You need a @Controller that returns a ModelAndView

    @Controller
    public class HomeController {

        @RequestMapping(value = {"/", "/index.html"})
        public ModelAndView sellerHome(HttpServletRequest request, 
                                       HttpServletResponse response) {
             return new ModelAndView("../static/index");
        }

    }

You can then access http://localhost:8443 and should see your index page given that you configured the port correctly.
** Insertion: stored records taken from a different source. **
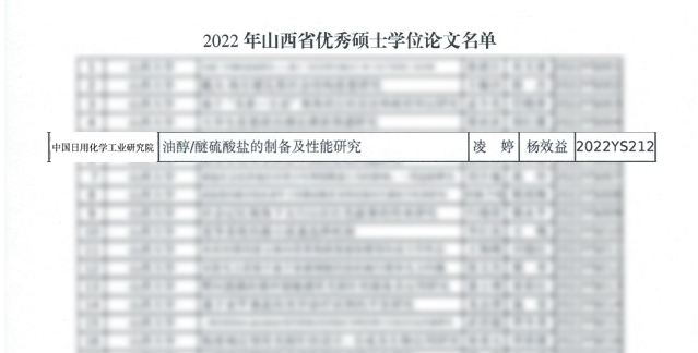 近日,山西省人民政府學(xué)位委員會(huì)辦公室公布2022年度山西省優(yōu)秀碩士學(xué)位論文,中國日化院2022屆碩士研究生凌婷撰寫的《油醇/醚硫酸鹽的制備及性能研究》學(xué)位論文獲此項(xiàng)殊榮,該論文由楊效益正高級工程師指導(dǎo)完成。
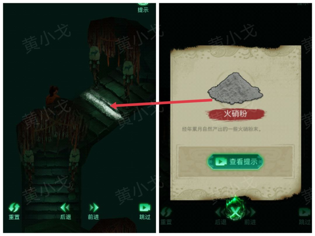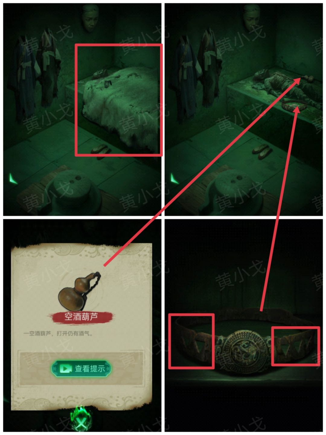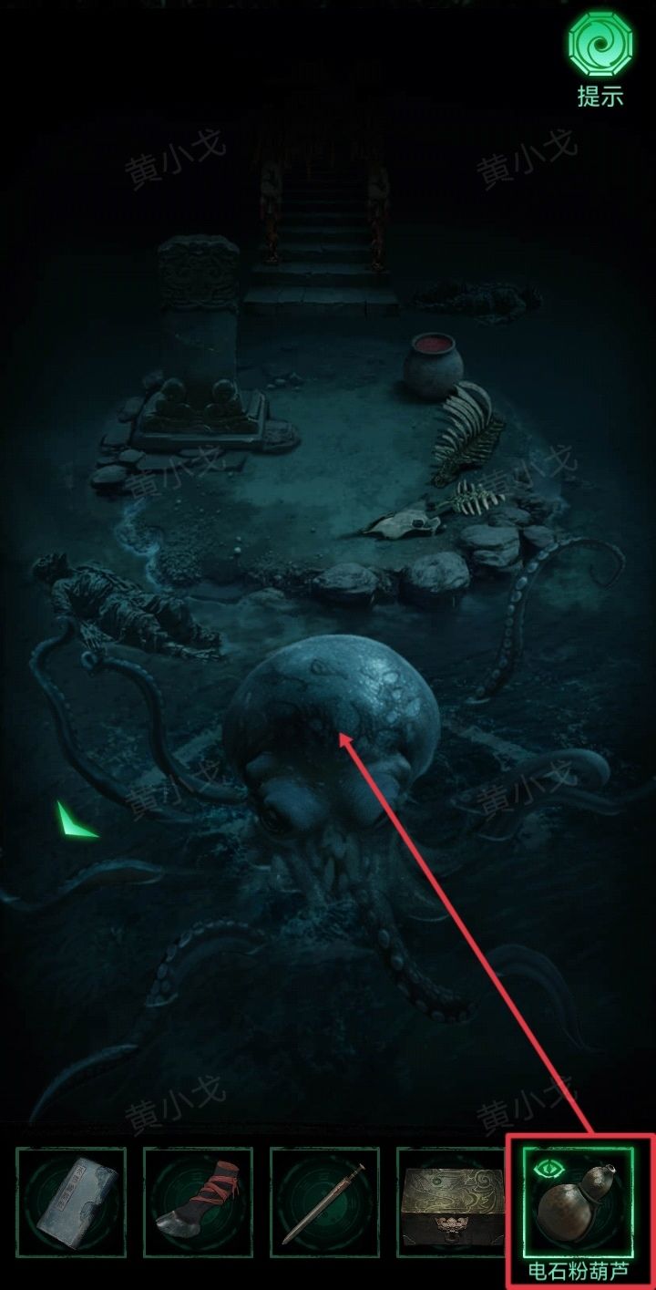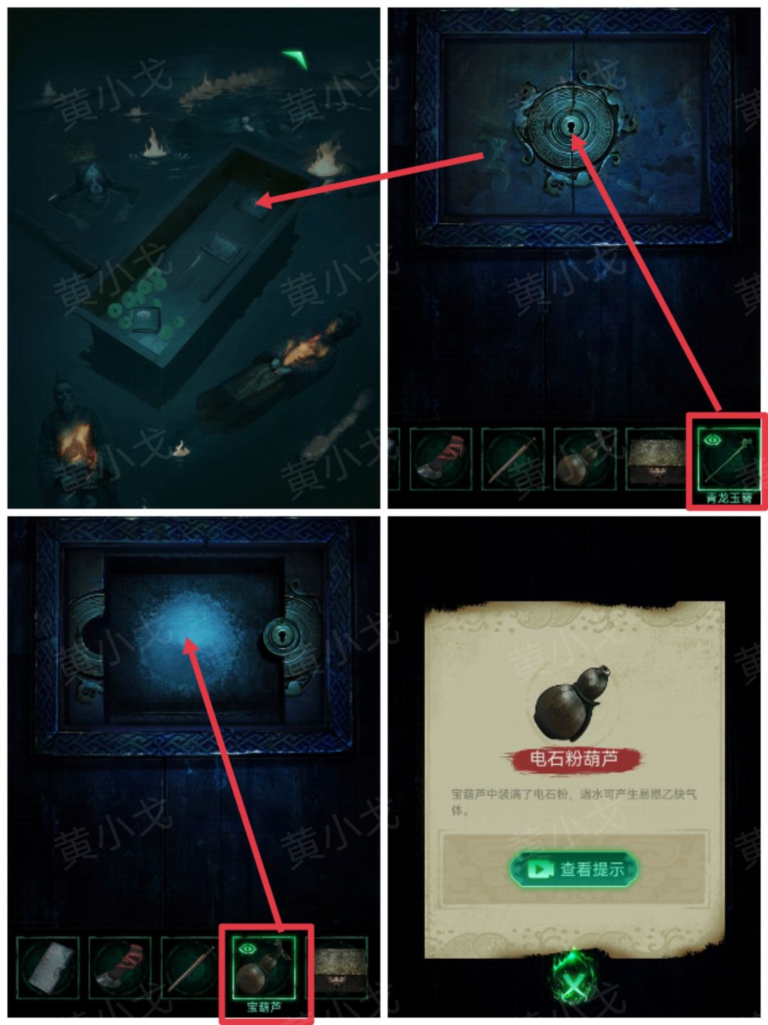 5.点击棺材中的匣子,插入【青龙玉簪】;用【宝葫芦】装取电石粉,获得【电石粉葫芦】
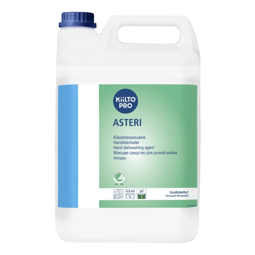 Kiilto Asteri for manuell oppvask og overflaterengjøring av redskaper. Også egnet til å rengjøre vinduer. Inneholder glyserol for å bevare hudens fuktighet. - Luktfri og uten farge-stoffer - Sertifisering: Svanemerket - Løsningens pH: ca. 7
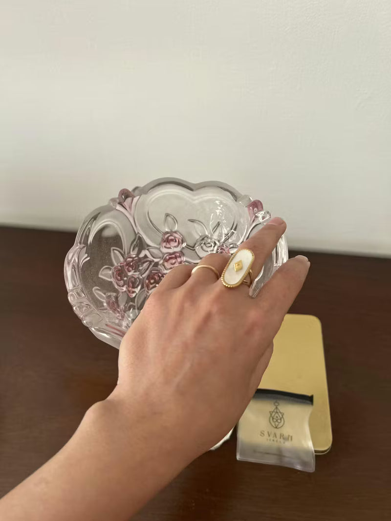 The Regal Ember Ring brings timeless elegance to your everyday look with its deep navy enamel base and antique gold detailing. Framed in a textured oval Lapis Lazuli with a central gold diamond, it’s bold, classy, and full of character. Wear it solo or stack with your faves — it steals the spotlight either way.
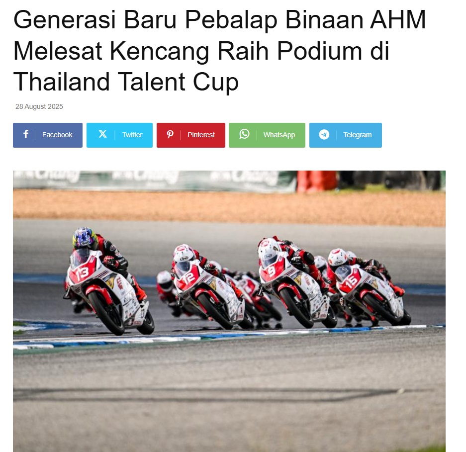 Generasi Baru Pebalap Binaan AHM Melesat Kencang Raih Podium di Thailand Talent Cup by Nova Sari 28 Agustus 2025 in Silahkan kunjungi https://equator.co.id/generasi-baru-pebalap-binaan-ahm-melesat-kencang-raih-podium-di-thailand-talent-cup/. You Might Like Regional Public Launching New ADV160 The SUV Pride Grand Launching New PCX 160 Truly Exceptional! Tetap hati-hati ya bro sist berkendara saat hujan.
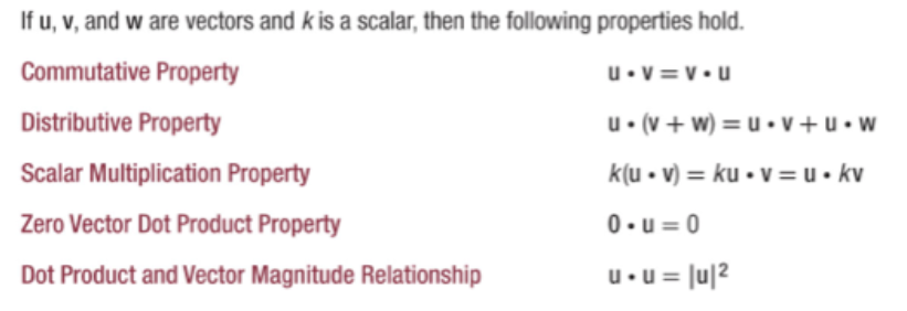 Dot Product Properties:
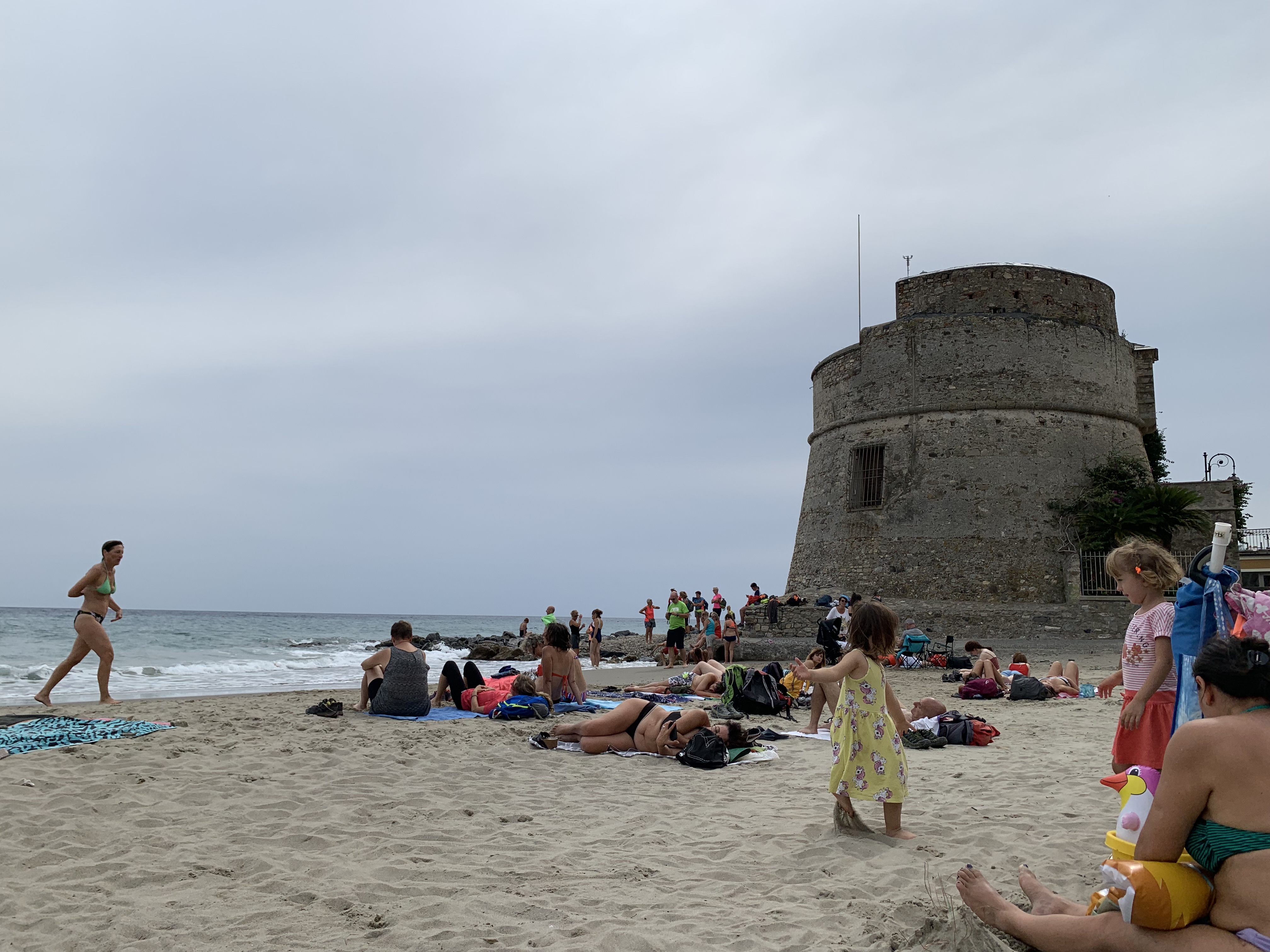 Oddio è stata più o meno un’odissea di incidenti, autostrade chiuse, code, casini, soste pipì d’emergenza, confabulazioni con il vigile urbano sul pagamento del parcheggio con app (ad Alassio come altrove paghi anche l’aria che respiri) e finalmente mi sono buttata in acqua. Buttata… al primo impatto freddina, onde alte, bandiera rossa, spiaggia comunale oltre il bastione saraceno di borgo Coscia già smantellata ( tecnicamente la stagione balneare è finita il 15). Però dopo un po’ si stava bene, diventava quasi calda.

  • I get this error: `There was an unexpected error (type=Internal Server Error, status=500). javax.servlet.ServletException: Could not get RequestDispatcher for [../static/index]: Check that the corresponding file exists within your web application archive!` – Arian Nov 22 '17 at 00:50
1

Just so you know, in Spring Boot 2.1.4 the new configuration is:

package com.simplicity.resourceserver.configs;

import org.springframework.context.annotation.Bean;
import org.springframework.context.annotation.Configuration;
import org.springframework.web.servlet.ViewResolver;
import org.springframework.web.servlet.config.annotation.*;
import org.springframework.web.servlet.view.InternalResourceViewResolver;

@Configuration
@EnableWebMvc
public class WebMvcConfiguration implements WebMvcConfigurer {

    private static final String[] CLASSPATH_RESOURCE_LOCATIONS = {
            "classpath:/META-INF/resources/", "classpath:/resources/",
            "classpath:/static/", "classpath:/public/" };



    @Override
    public void addResourceHandlers(ResourceHandlerRegistry registry) {
        registry.addResourceHandler("/**")
                .addResourceLocations(CLASSPATH_RESOURCE_LOCATIONS);

        registry.addResourceHandler("/vanilla/**")
                .addResourceLocations("classpath:/vanilla/");

            registry.addResourceHandler("/react/**")
                    .addResourceLocations("classpath:/react/")
                .resourceChain(true);
    }

    @Bean
    public ViewResolver getViewResolver() {
        InternalResourceViewResolver resolver = new InternalResourceViewResolver();
        resolver.setSuffix(".html");
        return resolver;
    }

    @Override
    public void configureDefaultServletHandling(DefaultServletHandlerConfigurer configurer) {
        configurer.enable();
    }

    @Override
    public void configurePathMatch(PathMatchConfigurer configurer) {
        configurer.setUseTrailingSlashMatch(true);
    }

    @Override
    public void addViewControllers(ViewControllerRegistry registry) {
        registry.addViewController("/react")
                .setViewName("forward:/react/index.html");
        registry.addViewController("/react/{path:[^\\.]*}")
                .setViewName("forward:/react/index.html");
        registry.addViewController("/react/**/{path:[^\\.]*}")
                .setViewName("forward:/react/index.html");

    }
}

Spring Boot should be defined as "video poker" based programming: try something thousands of times (like when you play video poker) with little different details until it works.

In my case I have two different apps in two separate folders under src/main/resources

  • src/main/resources/vanilla
  • src/main/resources/react

In my case they are two proof concepts, but it could be a micro-frontend architecture.